The three of us would stroll through the streets of Venice and Mestre just doing what Italians do in the summer... enjoy the warm nights with good friends and good food. It was on one of those nights that something jarring and yet wonderful happened for you must know already that this essay has little to do with my European adventures. It has more to do with grief, understanding it fully and what it means to another person close to you. We had been walking and laughing until we decided to go into an ice cream shop for some wonderful Italian gelato. The Italians are rightly proud of their gelati and will tell you all about it if you let them. Gelato is made in smaller batches and has a slightly more intense flavor than American ice cream so I was really looking forward to trying some. Fiammeta went into the shop while me and Renzo hesitated outside. I remember leaning against a bannister on the steps of the shop when suddenly Fiame came out of the shop quickly, holding her hand over her mouth. I said "What is it?" to Renzo and he whispered back "Her father". Yes. Of course. Her father. The handsome man in the suit that I had met at that tennis match six years earlier had passed away two years earlier but for Fiammeta it was like yesterday. What was it in that ice cream shop that had triggered her emotions? What did she see? Was it the memory of her father taking her out for gelato? A father who'd be unable to deny his little girl an ice cream cone on a summer night? I never did ask Fiammeta exactly what it was she saw in the shop nor do I intend to. Everyone is entitled to their secrets, but recently I did find out more about her father. I had been curious to know the character of a person that could engender such strong feelings of love and loss.

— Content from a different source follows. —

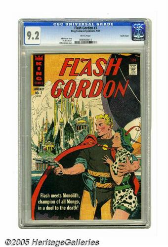 <B>Flash Gordon #3 Pacific Coast pedigree (King Features Syndicate, 1967) CGC NM- 9.2 White pages.</B></I> A beautiful Al Williamson cover graces this issue, which features interior art by Ric Estrada and a Bill Pearson story. Overstreet 2005 NM- 9.2 value = $45. CGC census 6/05: 1 in 9.2, 2 higher.

Her father had been born to a wealthy family but because his step father was Jewish his family had to flee Italy during World War Two only to return after the war. Despite his wealth and although she was an only child Fiammeta swears that she was never spoiled. But what father wouldn't dote on his daughter? She remembers how he allowed her to learn how to drive in his beloved Alfa Romeo 2000 when she was getting her driver's license. She now admits that it was much too fast a car for her but she loved it nonetheless. That's a picture I would dearly love to see, her father coaching her while she drives a very fast Italian sports car on two wheels. The horror!

I wrote this because I never really understood the loss that she felt for her father back in 1984. It wouldn't be until I lost mine nearly twenty years later that I really got it. Outside of being Italian our two fathers couldn't be more different. Hers was wealthy, mine was poor. She lost him when she was 22, Pop left this earth when I was 47. I was lucky to have him for so long... yet she would tell you that she was just as lucky. In her home Fiammeta displays a framed photograph of her father holding her in his arms when she was a little girl. I would stare at this old black and white photo for minutes at a time, wondering where he'd gone and wondering what kind of story his life could tell. I still don't know what it was that Fiammeta saw in that ice cream shop that night but maybe she'll tell me one day. I'd love to hear that story.